One of the points under discussion, the withdrawal of the Constitution from the minimum expenditures in the areas of Health and Education, for example, must face difficulties to be approved.
“Untying is a very intricate issue,” he observes.
“If we imagine that the aid is an emergency expense, it is difficult to imagine a bolder text for this medium-term fiscal adjustment, because the two things were linked”, he analyzes.
During a press conference, Salto also analyzed the effects of President Jair Bolsonaro’s recent decision (without a party) to zero federal taxes on diesel for two months in an attempt to mitigate rising fuel prices at gas stations – and thus contain the pressure of truck drivers on the government.
According to IFI calculations, the measure has a cost of R $ 3 billion to R $ 4 billion on public coffers, if it is not later extended.
“This seems little, in absolute terms, when we see the main aggregates of federal public spending, however, it is significant, because the fiscal margin is very tight and the announcements are being made without the monitoring of compensatory measures”, he says.
“The government can say that the revenue is underestimated in the LDO and that the LOA will have R $ 3 billion more in revenue and that this would offset the reduction in PIS / Cofins [sobre o diesel e o gás de cozinha]“, suggests. For the economist, greater transparency by the federal government in the indication of compensatory measures is necessary.
Despite avoiding getting to the heart of the matter, Salvo sees potential macroeconomic impacts on Bolsonaro’s recent decisions involving Petrobras.

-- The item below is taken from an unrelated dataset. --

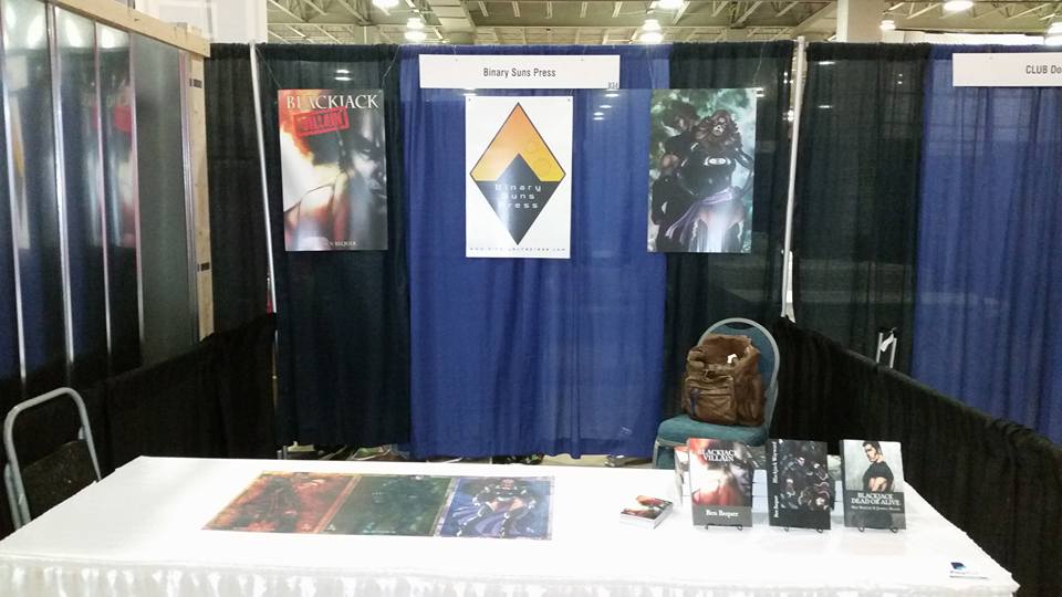 All weekend long we kept commenting how cool it would be to have more material, shorter works we could sell at a lower price. See, since the Blackjack books are huge monsters, to print them out costs a bundle. Selling them at near cost still brings the price per book to like 20 bucks. Now, I know that those thick books are pretty impressive, $20 at a con is kind of excessive. We’ve thought about it long and hard and decided to go back on the con circuit, this time with more stuff to offer. Our booth was pretty nice for first timers, too.

“From the point of view of the market, from the perception of risk, which also affects the macroeconomic scenarios (ultimately, interest and exchange rates as well), a scenario of greater intervention, uncertainty and lack of transparency harms the macroeconomic scenario and will have indirectly fiscal implications, ”he says.
Last Friday (19), Bolsonaro announced the replacement of the current president of the state-owned company, Roberto Castello Branco, by General Joaquim Silva e Luna, who commanded the Itaipu plant. The move was perceived by investors as a sign of interference in the company. Petrobras’ shares accumulated a drop of more than 20% in two trading sessions and the company lost R $ 102 billion in market value.